Provided data –
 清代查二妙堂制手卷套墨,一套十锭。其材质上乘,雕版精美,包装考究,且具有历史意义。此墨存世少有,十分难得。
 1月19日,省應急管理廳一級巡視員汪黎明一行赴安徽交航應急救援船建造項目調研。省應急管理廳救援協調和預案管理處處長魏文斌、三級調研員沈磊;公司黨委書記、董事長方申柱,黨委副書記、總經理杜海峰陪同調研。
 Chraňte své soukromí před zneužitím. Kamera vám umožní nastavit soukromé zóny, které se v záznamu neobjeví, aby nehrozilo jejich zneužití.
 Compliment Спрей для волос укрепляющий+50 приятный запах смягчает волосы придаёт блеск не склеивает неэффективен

--

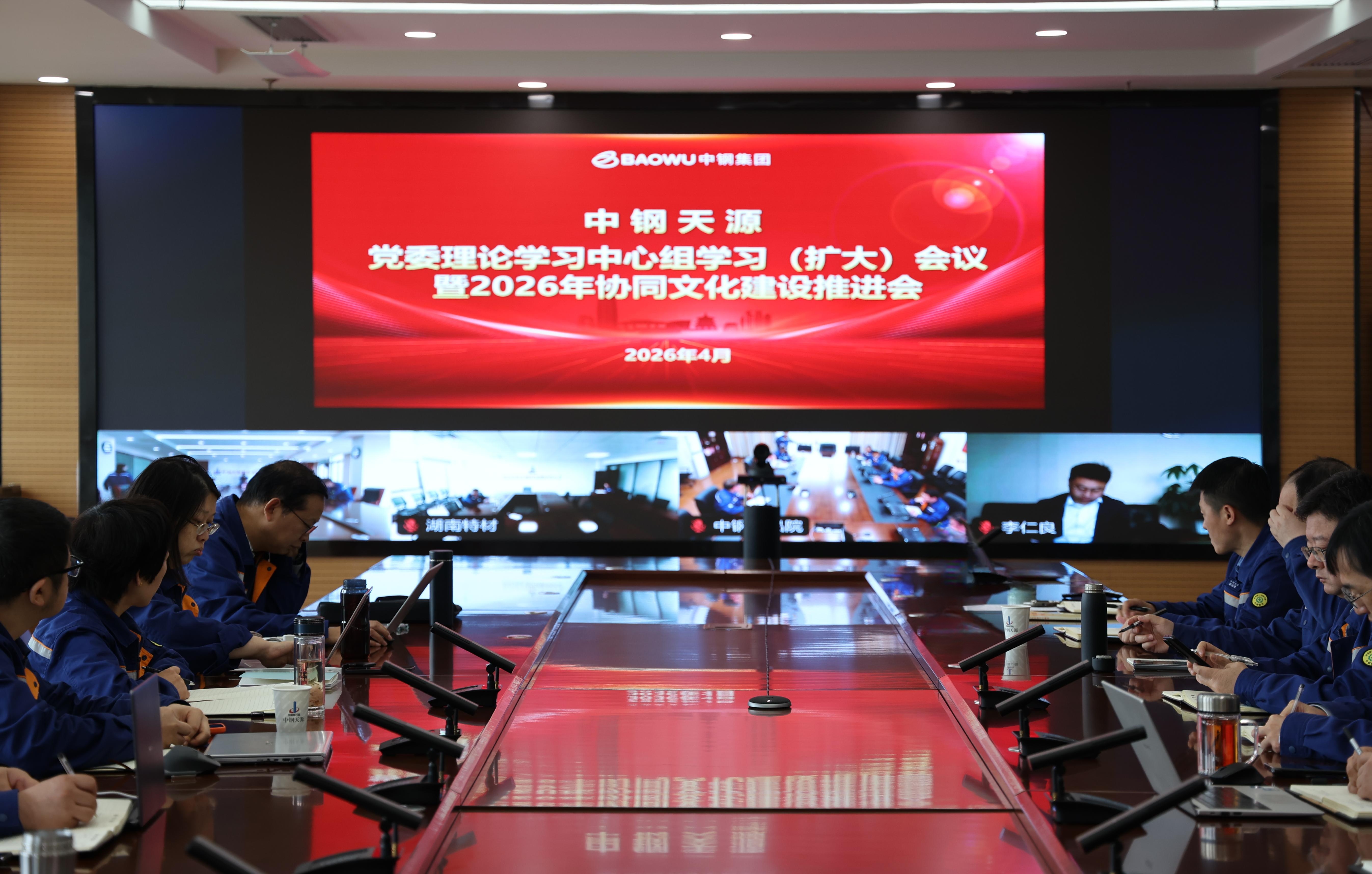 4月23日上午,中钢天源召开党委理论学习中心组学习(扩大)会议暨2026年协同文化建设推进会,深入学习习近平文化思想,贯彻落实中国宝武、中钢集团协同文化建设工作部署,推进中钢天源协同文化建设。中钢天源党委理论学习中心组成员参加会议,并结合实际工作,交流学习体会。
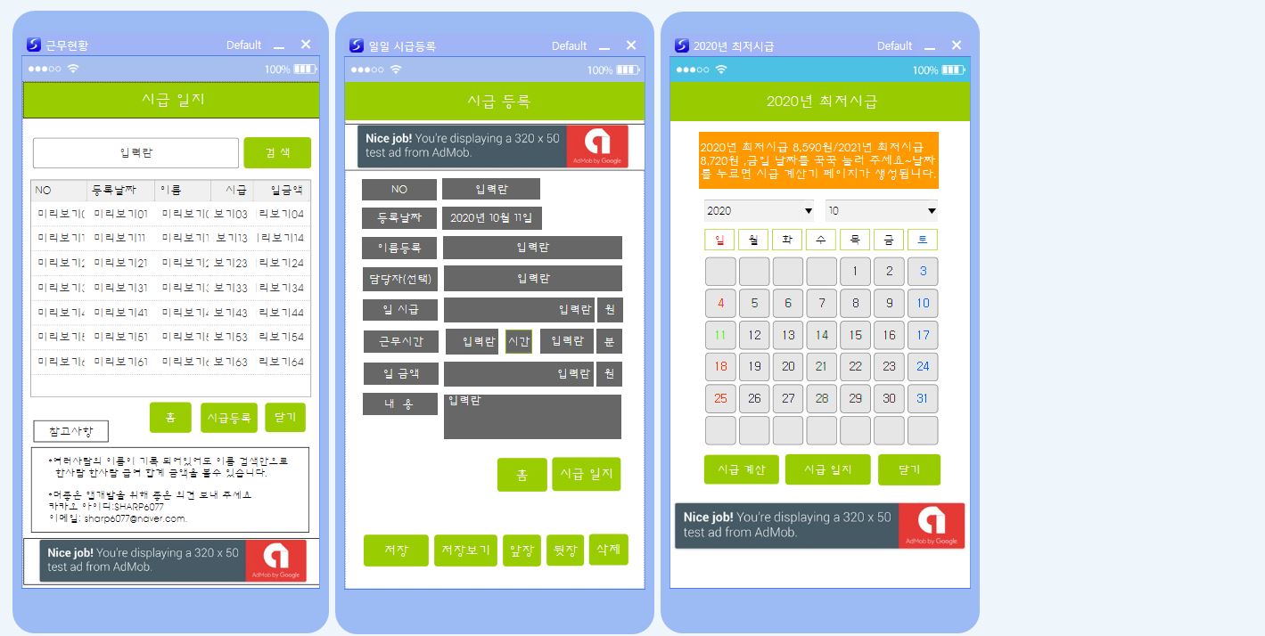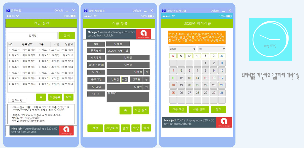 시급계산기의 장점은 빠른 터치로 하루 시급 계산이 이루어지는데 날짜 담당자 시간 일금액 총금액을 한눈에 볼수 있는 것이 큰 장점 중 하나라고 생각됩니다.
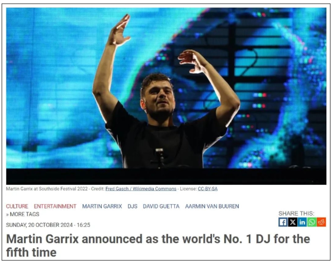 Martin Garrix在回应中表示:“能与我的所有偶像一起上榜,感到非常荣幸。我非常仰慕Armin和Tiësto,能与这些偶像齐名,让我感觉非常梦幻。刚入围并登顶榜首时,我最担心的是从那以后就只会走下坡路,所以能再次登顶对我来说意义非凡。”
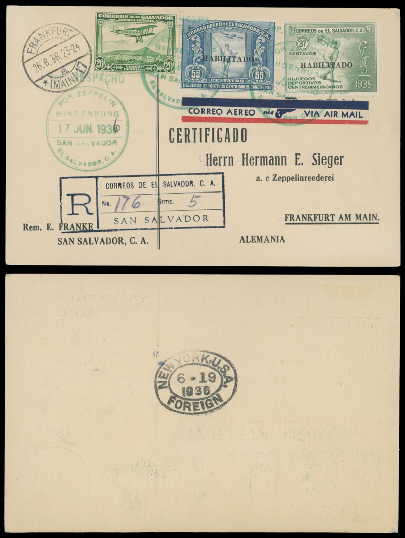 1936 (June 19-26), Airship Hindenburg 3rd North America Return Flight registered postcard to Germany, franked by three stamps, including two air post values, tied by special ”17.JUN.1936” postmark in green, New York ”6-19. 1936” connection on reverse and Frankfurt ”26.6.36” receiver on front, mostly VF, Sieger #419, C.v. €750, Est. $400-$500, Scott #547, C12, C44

Your goal –
Above this task is a listing. Restate, word for word and with nothing added, the lines from the one with "清代查二妙堂制手卷套墨,一套" through the one with "1月19日,省應急管理廳一級".

Response to the task –
 清代查二妙堂制手卷套墨,一套十锭。其材质上乘,雕版精美,包装考究,且具有历史意义。此墨存世少有,十分难得。
 1月19日,省應急管理廳一級巡視員汪黎明一行赴安徽交航應急救援船建造項目調研。省應急管理廳救援協調和預案管理處處長魏文斌、三級調研員沈磊;公司黨委書記、董事長方申柱,黨委副書記、總經理杜海峰陪同調研。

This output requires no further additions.